Остаток дня я бесцельно бродил по улице и бесцельно просидел дома. В течение этих дел на меня, как обычно, нападал сон, но только на улице стемнело и пришло время ложиться спать, как сон мгновенно отступил, а вместо него подступили мысли. И это одна из самых раздражающих моих черт: я слишком много думаю. Ночью это достигает апогея. Вот ложусь я на кровать с твердым намерением заснуть, ведь завтра рано вставать; закрываю глаза, вроде бы даже расслабляю все свое тело до такой степени, что оно начинает казаться не то сделанным из ваты, не то из какого-то схожего материла, и тут на тебе! в голове начинает возникать огромное множество мыслей, которые мало того не дают уснуть, так еще и не дают за себя зацепиться, ведь каждая возникшая мысль через пару секунд уже заменяется другой, причем совершенно не связанной с той, прошлой. Сначала вроде бы всплывают образы моей мечты, то каким я себя вижу через сколько-то лет (увы, но это настолько размыто, что я даже не могу точно сказать, ведь я понятия не имею кем хочу быть и для чего живу). Раз за разом задавая себе один и тот же вопрос: «Почему я здесь?», я раз за разом не могу найти на него ответ, после чего мои мысли начинают перетекать в другое русло. Возникают какие-нибудь ругательства или диалоги черт знает сколько летней давности. И понеслось самобичевание… А вот тут надо было сказать так. А вот здесь надо было говорить, а не молчать. А вот что было бы если бы здесь я сделал то, что не захотел сделать? И так далее и так далее, и так практически до бесконечности. И именно из-за этих мыслей я не сплю порой до часу, а то и до трех ночи. И все бы ничего, если бы мой организм не просыпался в семь утра.

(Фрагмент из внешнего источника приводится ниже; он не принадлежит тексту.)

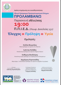 Ο Δήμος Νέας Φιλαδέλφειας – Νέας Χαλκηδόνας, στο πλαίσιο των δράσεων του για την προαγωγή της δημόσιας υγείας, σε συνεργασία με το Κέντρο Υγείας Νέας Φιλαδέλφειας, διοργανώνει δράση ενημέρωσης για το Εθνικό Πρόγραμμα Προσυμπτωματικού Ελέγχου «Προλαμβάνω», η οποία θα πραγματοποιηθεί στο Π.Π.Ι.Ε.Δ. (Λεωφ. Δεκελείας 152), την Παρασκευή 28 Νοεμβρίου και ώρα 19:00.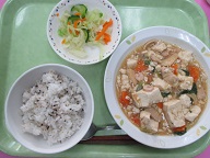 ごまごはん・ごもくいため・そくせきづけ・牛乳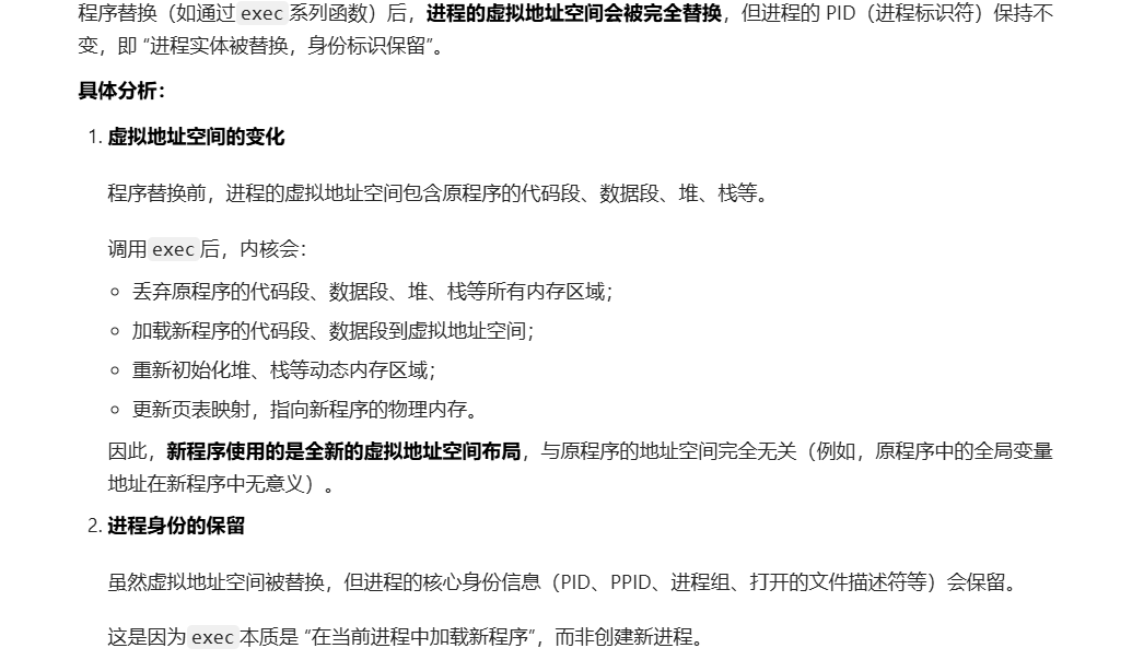 除了fork还有一个vfork,它的创建目的是为了快速创建子进程并执行exec函数,进行替换,所以OS不会为它创建新的虚拟地址空间。程序替换后会有全新的虚拟地址空间,但是还是属于原来父进程的子进程。

Я не мог уснуть. Мне было очень плохо. Чтобы погрузиться в безвременье, я был вынужден положить на язык горьковатую таблетку.
Глава вторая
Я наконец соизволил пойти в ванну. Мне кажется, что я не умывался уже несколько дней. Согрев руки под теплой водой, я начал умывать лицо и вдруг почувствовал металлический привкус во рту. У меня пошла кровь? Открываю глаза и вижу, что все мои руки в крови. Раковина в красных разводах. Я быстро метнул взгляд на зеркало, чтобы посмотреть на себя, но оно было замылено. Все плыло. Сердце колотилось так сильно, что, казалось, сейчас выпрыгнет из груди. Дотронувшись до кожи, я обжег палец – настолько высокой была температура тела.
«Может быть, слишком долго держал под кипятком?» – промелькнуло в голове.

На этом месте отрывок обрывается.